Supplied data:
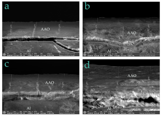 The comparison between the images establishes a slightly lower thickness of the unsealed samples (Figure 2a,c). As can be seen in Figure 2a, the thinnest film (approximately 10 µm) is formed in the acidic bath for 30 min, and on the interface Al/oxide layer the appearance of cracks is observed. A detailed investigation of the surfaces, obtained by the means of this anodic regime, revealed that the oxide layer is irregularly distributed in the edge area, and at the same time, in some places, no cracks or crevices can be seen. Their occurrence is a result of the anodization process parameters and the presence of impurities in the aluminum alloy [10]. At the edges of the metal plates, greater local inhibition of the oxide growth was experienced. More interesting is the fact that when samples of group A were submitted to the sealing procedure, the oxide layer grew (Figure 2b). The same dependence occurred for the metal pads of group B—electroformed layers for 60 min (Figure 2c,d). It is already reported that sealing in aqueous media induces the incorporation of water in the structures [26]. Historically, this is the most common and effective way to improve the corrosion resistance of anodized aluminum. As a consequence of this process, the outer surface and the pore walls react to form a crystalline hydrate known as boehmite. Finally, this inert hydrated oxide fills all of the pores, and provides a protective layer all over the surface [6].
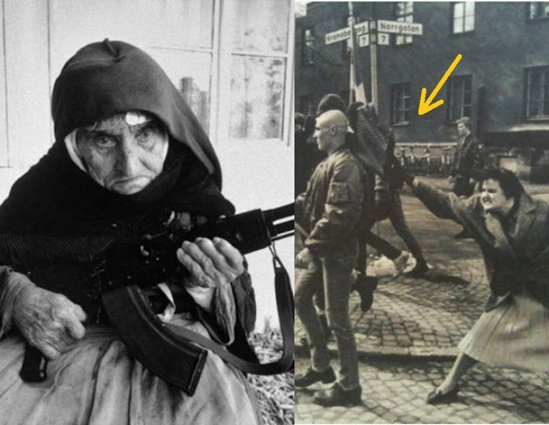 2  Շվեդ կինը պայուսակով հարվածում է նեոնացիստ ցուցարարի գլխին։ Շվեդուհին համակենտրոնացման ճամբարը վերապրածներից է, 1985թ․։
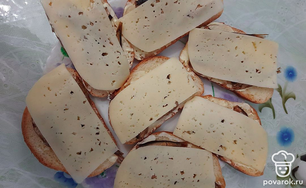 Сверху на каждый бутерброд кладем по 2 ломтика сыра так, чтобы он полностью закрывал шпроты.
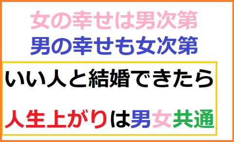 今回の記事は、主に「収入面」に焦点をあてて書かれていますが、【人生の幸福度】の面でも{いい人と結婚できたら人生あがり}だと感じています。

Work to complete: Exactly repeat the material from its first line through the line with "2  Շվեդ կինը պայուսակով", including both, and leave the pictures and everything else out.

Expected output:
 The comparison between the images establishes a slightly lower thickness of the unsealed samples (Figure 2a,c). As can be seen in Figure 2a, the thinnest film (approximately 10 µm) is formed in the acidic bath for 30 min, and on the interface Al/oxide layer the appearance of cracks is observed. A detailed investigation of the surfaces, obtained by the means of this anodic regime, revealed that the oxide layer is irregularly distributed in the edge area, and at the same time, in some places, no cracks or crevices can be seen. Their occurrence is a result of the anodization process parameters and the presence of impurities in the aluminum alloy [10]. At the edges of the metal plates, greater local inhibition of the oxide growth was experienced. More interesting is the fact that when samples of group A were submitted to the sealing procedure, the oxide layer grew (Figure 2b). The same dependence occurred for the metal pads of group B—electroformed layers for 60 min (Figure 2c,d). It is already reported that sealing in aqueous media induces the incorporation of water in the structures [26]. Historically, this is the most common and effective way to improve the corrosion resistance of anodized aluminum. As a consequence of this process, the outer surface and the pore walls react to form a crystalline hydrate known as boehmite. Finally, this inert hydrated oxide fills all of the pores, and provides a protective layer all over the surface [6].
 2  Շվեդ կինը պայուսակով հարվածում է նեոնացիստ ցուցարարի գլխին։ Շվեդուհին համակենտրոնացման ճամբարը վերապրածներից է, 1985թ․։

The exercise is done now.